TEM analysis provides further insight into the morphology and detailed structure of the as-obtained NiCo₂S₄@Ni₃S₂ core–shell NTAs. The whole of the core–shell structures can be clearly observed, as shown in Fig. 5(a)–(c), while the core NiCo₂S₄ nanotubes are tightly wrapped by Ni₃S₂ nanosheets. Also the hollow part of the NiCo₂S₄ nanotube is filled up with the shell. As shown in Fig. 5(d) and (e), there are straight and orderly lattice fringes with interplanar gaps of 0.28 nm, corresponding well to the (311) plane of NiCo₂S₄. The other image with bending and relatively coarse lattice fringes represents an interplanar spacing of 0.41 nm which can be indexed to the (101) plane of Ni₃S₂, suggesting poor crystallinity compared with the NiCo₂S₄ nanotubes as well as in the XRD analysis.

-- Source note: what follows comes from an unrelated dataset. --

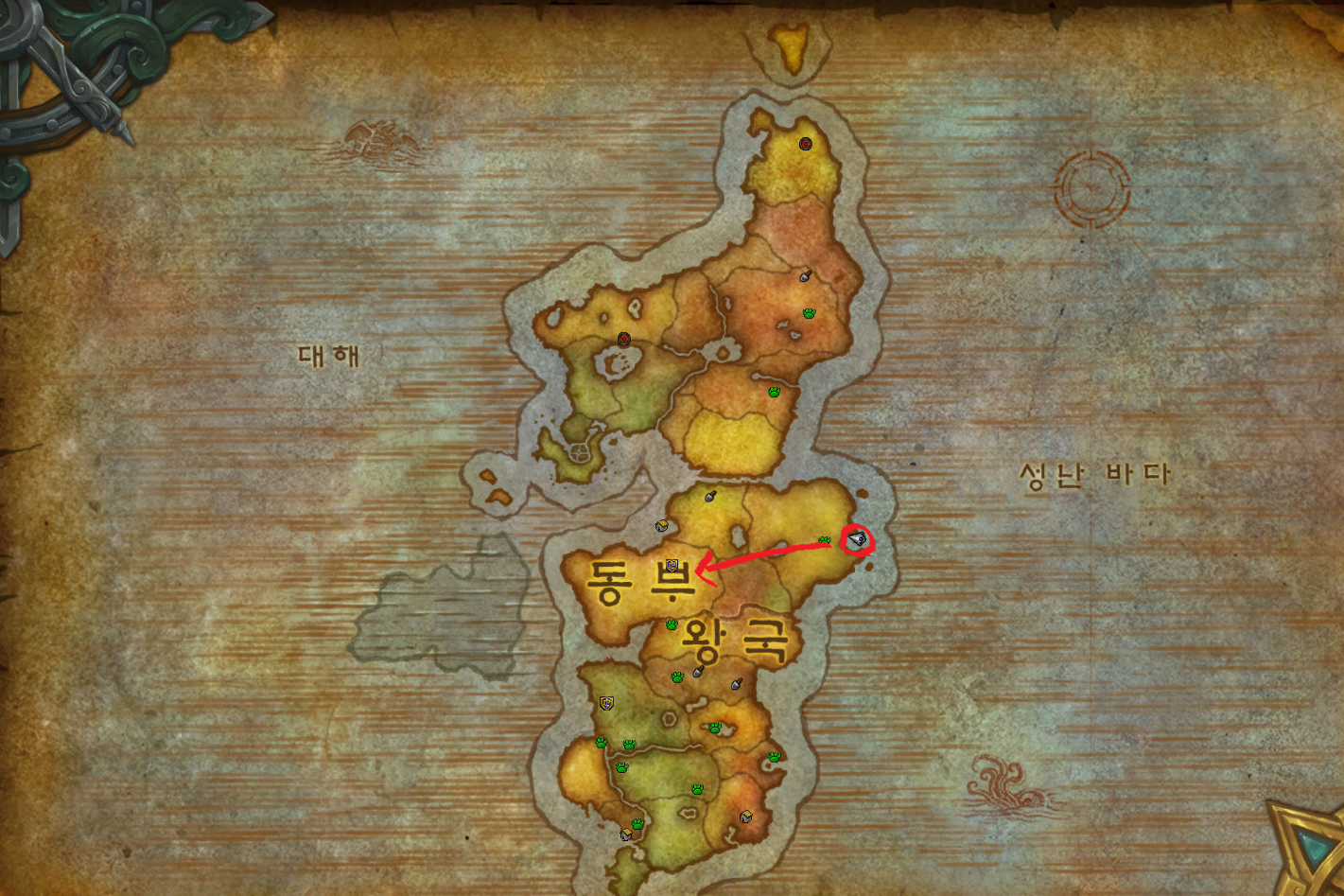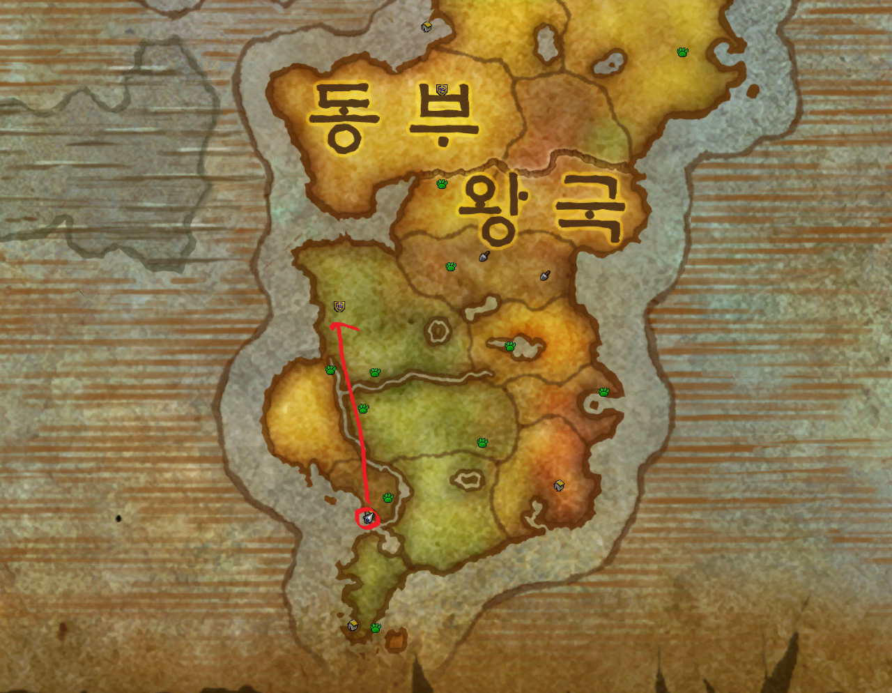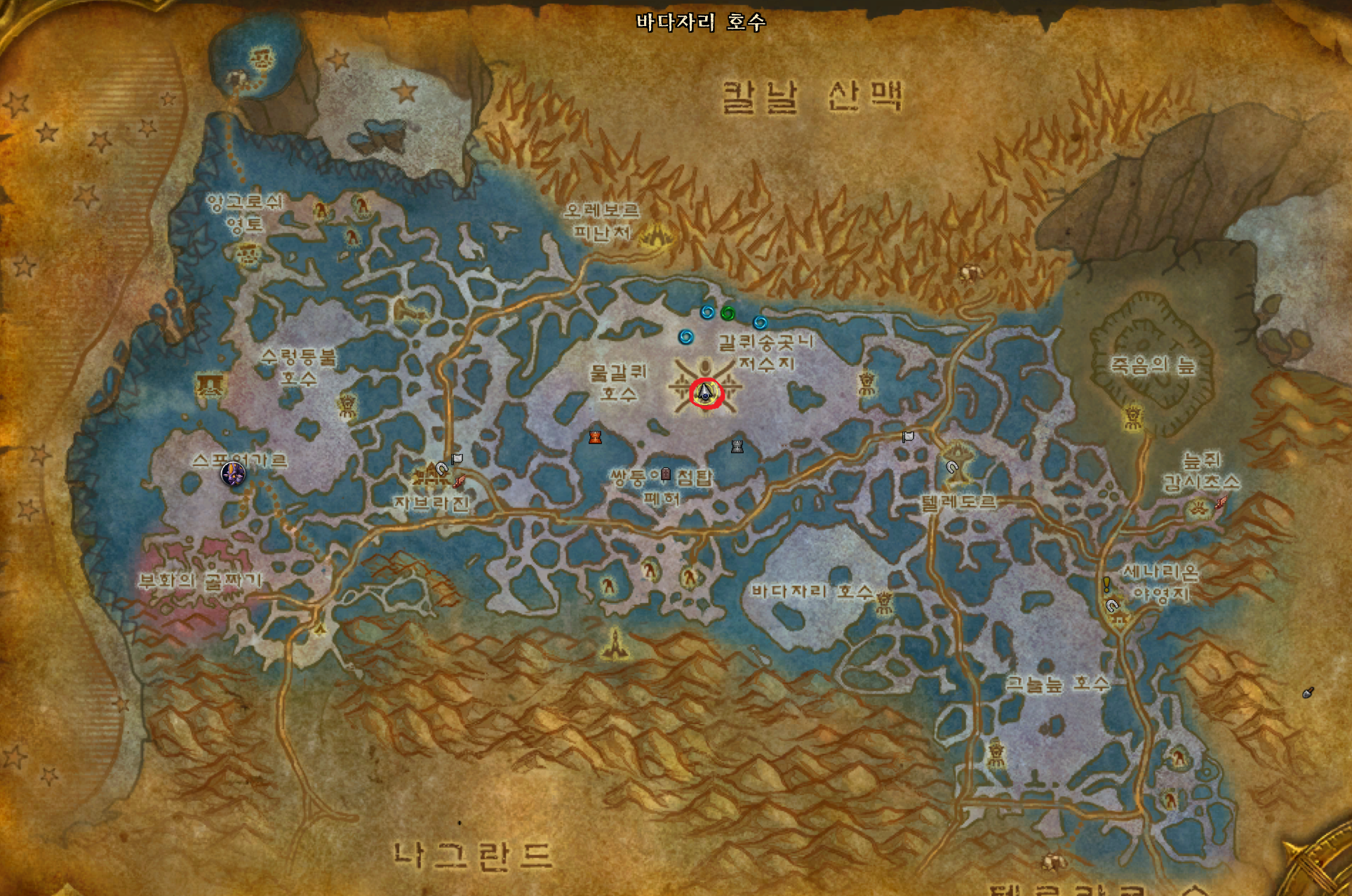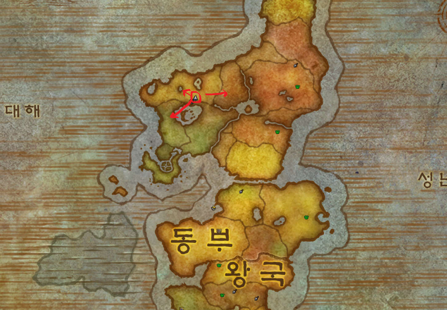 저습지 / 모단 호수 / 이글거리는 협곡 / 황야의 땅 / 불타는 평원 가는법
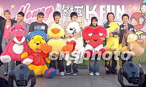 歌星梁漢文、方力申、組合Shine兩人、林嘉欣、鄭中基(左二起)1月6日在香港金鐘添馬艦舉行之《環(huán)球嘉年華2003/4》出席“Neway終極K Fun嘉年華”演唱會(huì)作表演嘉賓,獲環(huán)球嘉年華主辦機(jī)構(gòu)送上大型毛公仔。作者:鄧慶樂(lè)

Fig. 5 (a–c) HRTEM images of NiCo₂S₄@Ni₃S₂ core–shell NTAs; (d) HRTEM images of Ni₃S₂ nanosheets; (e) HRTEM images of NiCo₂S₄ NTAs.

3.2. Electrochemical performance of the NiCo₂S₄@Ni₃S₂ core–shell NTAs

To explore the electrochemical performances of the samples, cyclic voltammograms (CV) measurements were performed on the three-electrode cell in 2 M KOH aqueous solution. Fig. 6(a) shows the CV curves of pure NiCo₂S₄ and NiCo₂S₄@Ni₃S₂ core–shell NTAs electrodes in the voltage range of 0–0.6 V (vs. Hg/HgO) at a scan rate of 5 mV s⁻¹. The obvious redox peaks indicated the faradaic capacitive characteristics of the samples. For the NiCo₂S₄ NTAs electrode, a pair of redox peaks at 0.23 V and 0.48 V (Ni²⁺/Ni³⁺ and Co³⁺/Co⁴⁺) can be clearly observed. However, compared with the CV curve of bare NiCo₂S₄, the NiCo₂S₄@Ni₃S₂ core–shell NTAs electrode shows a pair of significantly enhanced redox peaks at voltages of 0.22 V and 0.51 V, respectively, which may be derived from the abundant faradaic redox reactions and the short ion diffusion path offered by Ni₃S₂, which can be attributed to the reversible reactions of Ni²⁺/Ni³⁺ caused by the addition of Ni₃S₂ nanosheets (the supercapacitor performance of Ni₃S₂ is supplied in Fig. S3†). Moreover, the area surrounded by the CV curve is dramatically enlarged by the introduction of Ni₃S₂ nanosheets, suggesting the larger capacity of NiCo₂S₄@Ni₃S₂ core–shell NTAs. Fig. 6(b) shows CV curves of NiCo₂S₄@Ni₃S₂ electrodes at 5–50 mV s⁻¹. With an increase in the scan rate, the CV curves have a tendency to further augment the shape and shifting of the redox peaks, suggesting a diffusion-controlled electrochemical process. The charge storage mechanism of NiCo₂S₄ and NiCo₂S₄@Ni₃S₂ core–shell NTAs can be described by the following equations in alkaline electrolyte.^40,51

NiS + OH⁻ ↔ NiSOH + e⁻ (2)

CoS + OH⁻ ↔ CoSOH + e⁻ (3)

CoSOH + OH⁻ ↔ CoSO + H₂O + e⁻ (4)

Ni₃S₂ + 3OH⁻ ↔ Ni₃S₂(OH)₃ + 3e⁻ (5)

Fig. 6 (a) CV curves of the NiCo₂S₄ NTAs and NiCo₂S₄@Ni₃S₂ core–shell NTAs at 5 mV s⁻¹; (b) CV curves of NiCo₂S₄@Ni₃S₂ core–shell NTAs at various scan rates; (c) galvanostatic charge–discharge curves of NiCo₂S₄ NTAs and NiCo₂S₄@Ni₃S₂ core–shell NTAs at 4 mA cm⁻²; (d) galvanostatic charge–discharge curves of NiCo₂S₄@Ni₃S₂ core–shell NTAs at different current densities; (e) and (f) C_a and C_m of NiCo₂S₄ NTAs and NiCo₂S₄@Ni₃S₂ core–shell NTAs at different current densities.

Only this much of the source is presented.